I would wake up early and change into beat up clothes
because I knew I would soon be covered in firecracker residue,
and our roman candle wars always scuffed up anything new.
Out in the shed I kept my own box full of them.
I used to keep it in the basement, but one year it erupted and singed the carpet.
I was grounded for a month.
Growing up near the city meant that all the best fireworks were outlawed.
You’d have to drive about an hour before shady shops would sell you half sticks of dynamite.

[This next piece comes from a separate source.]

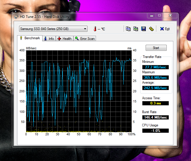 Smartbomb schrieb:Zur 840 Evo: ist auch in einem KanzleiPC seit Sommer verbaut, habe aber bisher nichts unternommen. Und seit die Meldung kam, dass auch nach dem Firmwareupdate das Problem weiter besteht, warte ich mal auf die Endlösung. Die Mitarbeiterin die dort sitzt merkts im 08/15 Officebetrieb eh nicht, dass da die Performance etwas eingeht![]()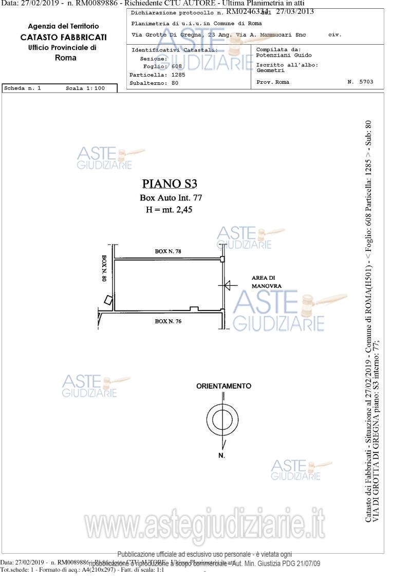 Proprietà piena ed esclusiva di box auto sito in comune di Roma (RM), quartiere "Collatino", municipio IV, via di Grotta di Gregna 23, piano S3, interno 77, posto all'interno di un edificio interrato con destinazione d'uso autorimessa, avente una superficie lorda di 15 mq. e un’altezza di circa 2,45 m

In the afternoon we would go out to the desert and blow up old tvs and microwaves.
Once the daylight waned we hurried back for the big show:
thousand dollar munitions shot up at lightning velocity,
their echoes shimmying down the sky,
lighting up my gaze.
When I joined the Army we didn’t exactly celebrate it the same way.
My battalion had been called up to Iraq just before the fourth in ‘03.
Barely even had time to unpack my bags before my squadmates were out on the range,
decimating old humvees and munitions.
Will had some surplus grenades that he was chucking over.
Manny convinced the guys over at Depot to let him borrow a grenade launcher.
At night the colonel gathered us all to watch captured IEDs blow up some technicals.
It was a “learning experience,” he called it.
It was the single most incredible display of crude pyrotechnics I had ever seen.
All those Independance Days back home didn’t even come close.
Similar IEDs ended up killing Manny and Will later that year.
Nowadays I stay home on the Fourth of July.